• Task directions:
Your copy should hold every record exactly and no images.

• Given records:
◆ ◆ ◆ ◆
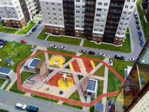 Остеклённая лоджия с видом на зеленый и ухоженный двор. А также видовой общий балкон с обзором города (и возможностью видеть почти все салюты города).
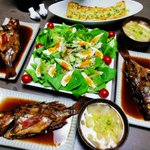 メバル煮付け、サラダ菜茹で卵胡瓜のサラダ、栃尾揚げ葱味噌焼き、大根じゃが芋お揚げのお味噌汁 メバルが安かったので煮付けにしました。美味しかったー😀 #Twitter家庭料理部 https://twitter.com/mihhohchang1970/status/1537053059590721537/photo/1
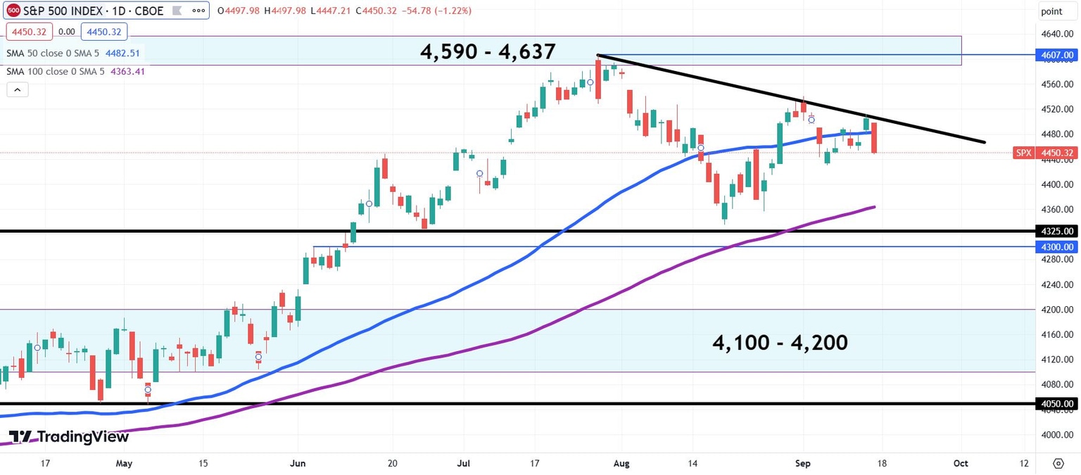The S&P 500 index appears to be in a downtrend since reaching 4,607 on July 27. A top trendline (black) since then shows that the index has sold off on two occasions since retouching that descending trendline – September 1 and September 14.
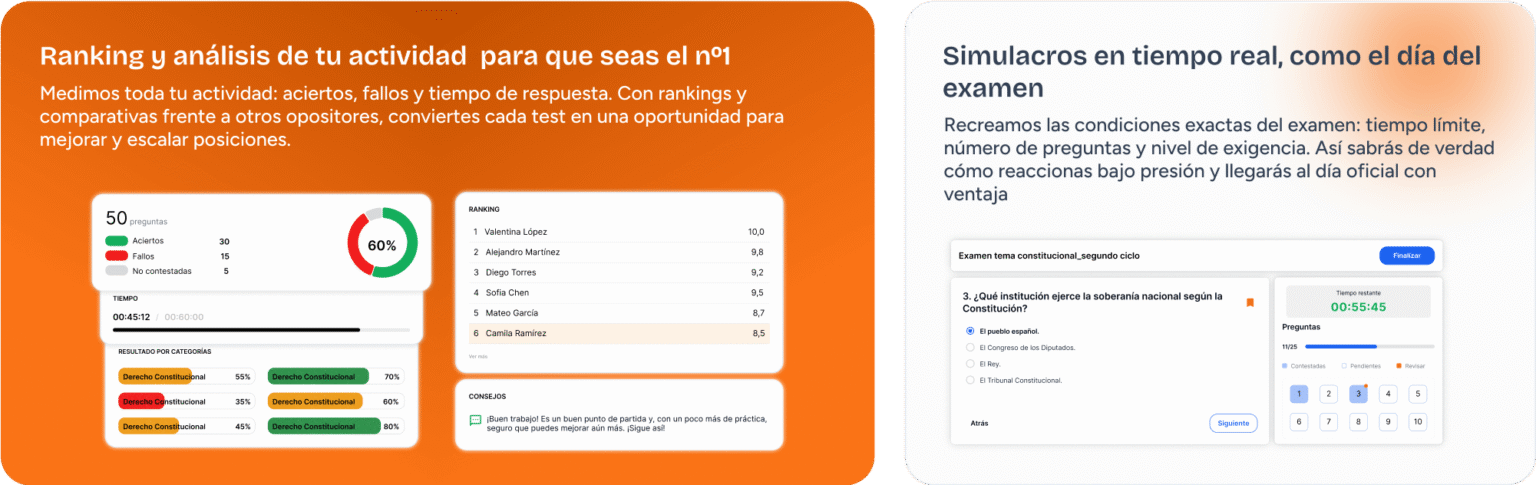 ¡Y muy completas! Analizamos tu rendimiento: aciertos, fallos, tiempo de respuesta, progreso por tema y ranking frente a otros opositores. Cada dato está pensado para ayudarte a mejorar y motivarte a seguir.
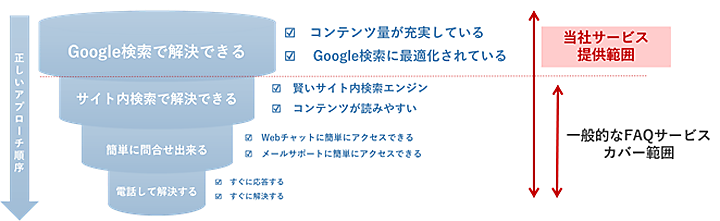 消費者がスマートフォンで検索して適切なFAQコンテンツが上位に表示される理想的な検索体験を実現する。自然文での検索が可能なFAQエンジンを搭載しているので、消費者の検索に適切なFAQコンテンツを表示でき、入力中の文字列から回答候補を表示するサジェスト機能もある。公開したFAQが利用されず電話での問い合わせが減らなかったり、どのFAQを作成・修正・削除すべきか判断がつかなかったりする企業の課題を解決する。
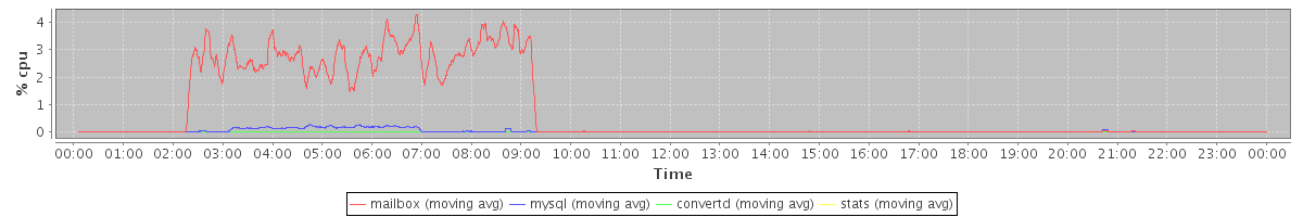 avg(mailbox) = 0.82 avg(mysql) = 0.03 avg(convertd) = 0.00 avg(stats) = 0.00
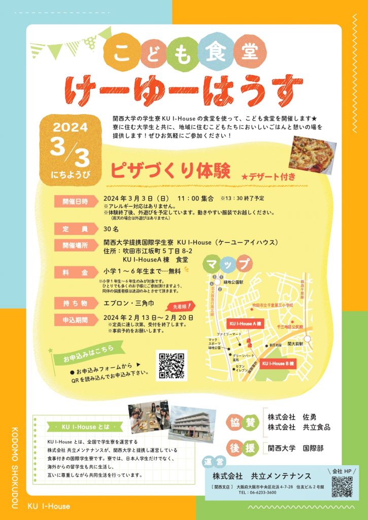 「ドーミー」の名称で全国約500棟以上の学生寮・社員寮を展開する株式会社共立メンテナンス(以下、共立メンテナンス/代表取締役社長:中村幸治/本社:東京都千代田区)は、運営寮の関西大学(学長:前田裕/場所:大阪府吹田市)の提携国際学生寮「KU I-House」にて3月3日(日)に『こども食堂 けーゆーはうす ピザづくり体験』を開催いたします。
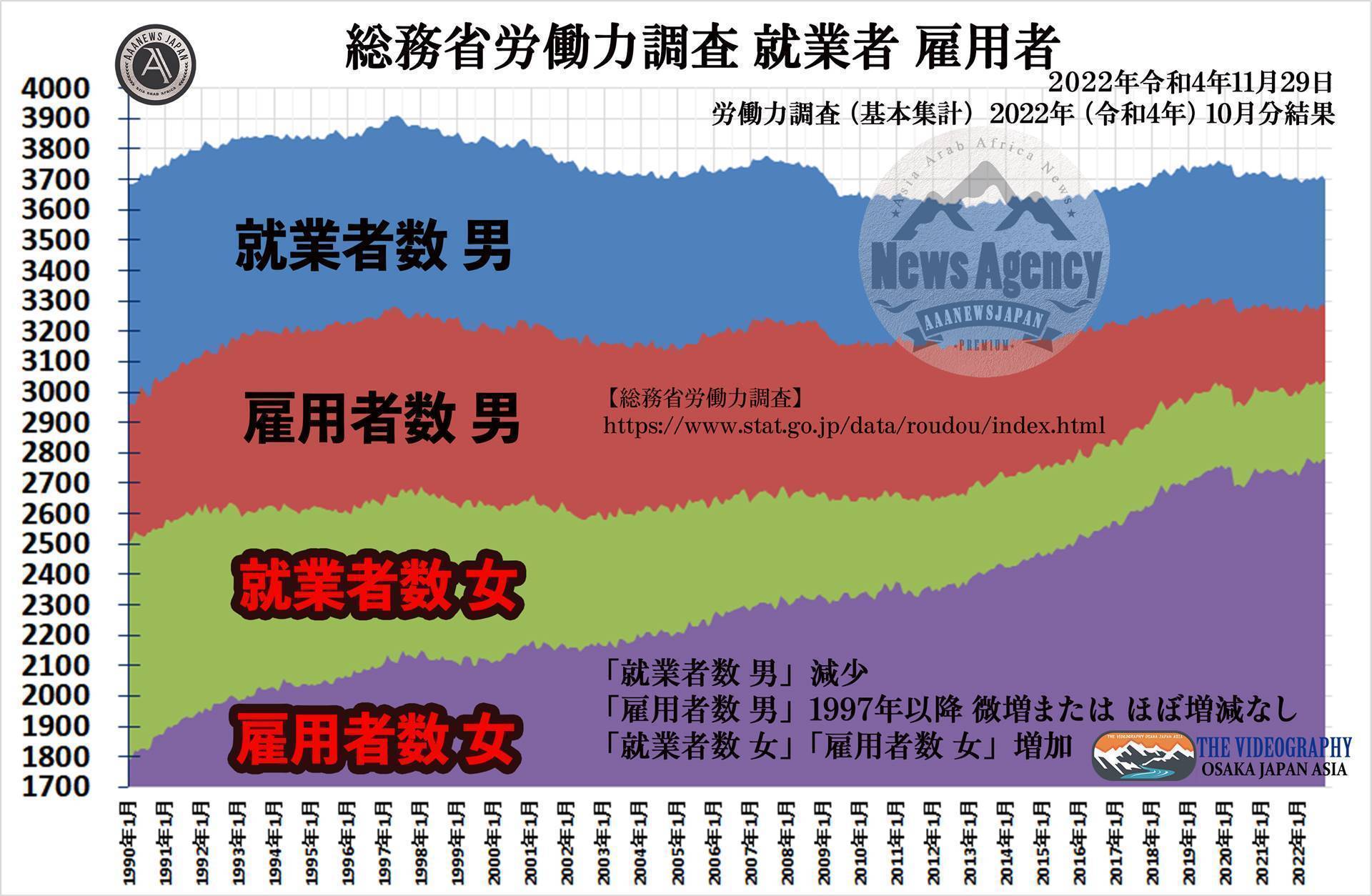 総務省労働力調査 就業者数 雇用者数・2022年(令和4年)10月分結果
◆ ◆ ◆ ◆
• Result:
 Остеклённая лоджия с видом на зеленый и ухоженный двор. А также видовой общий балкон с обзором города (и возможностью видеть почти все салюты города).
 メバル煮付け、サラダ菜茹で卵胡瓜のサラダ、栃尾揚げ葱味噌焼き、大根じゃが芋お揚げのお味噌汁 メバルが安かったので煮付けにしました。美味しかったー😀 #Twitter家庭料理部 https://twitter.com/mihhohchang1970/status/1537053059590721537/photo/1
The S&P 500 index appears to be in a downtrend since reaching 4,607 on July 27. A top trendline (black) since then shows that the index has sold off on two occasions since retouching that descending trendline – September 1 and September 14.
 ¡Y muy completas! Analizamos tu rendimiento: aciertos, fallos, tiempo de respuesta, progreso por tema y ranking frente a otros opositores. Cada dato está pensado para ayudarte a mejorar y motivarte a seguir.
 消費者がスマートフォンで検索して適切なFAQコンテンツが上位に表示される理想的な検索体験を実現する。自然文での検索が可能なFAQエンジンを搭載しているので、消費者の検索に適切なFAQコンテンツを表示でき、入力中の文字列から回答候補を表示するサジェスト機能もある。公開したFAQが利用されず電話での問い合わせが減らなかったり、どのFAQを作成・修正・削除すべきか判断がつかなかったりする企業の課題を解決する。
 avg(mailbox) = 0.82 avg(mysql) = 0.03 avg(convertd) = 0.00 avg(stats) = 0.00
 「ドーミー」の名称で全国約500棟以上の学生寮・社員寮を展開する株式会社共立メンテナンス(以下、共立メンテナンス/代表取締役社長:中村幸治/本社:東京都千代田区)は、運営寮の関西大学(学長:前田裕/場所:大阪府吹田市)の提携国際学生寮「KU I-House」にて3月3日(日)に『こども食堂 けーゆーはうす ピザづくり体験』を開催いたします。
 総務省労働力調査 就業者数 雇用者数・2022年(令和4年)10月分結果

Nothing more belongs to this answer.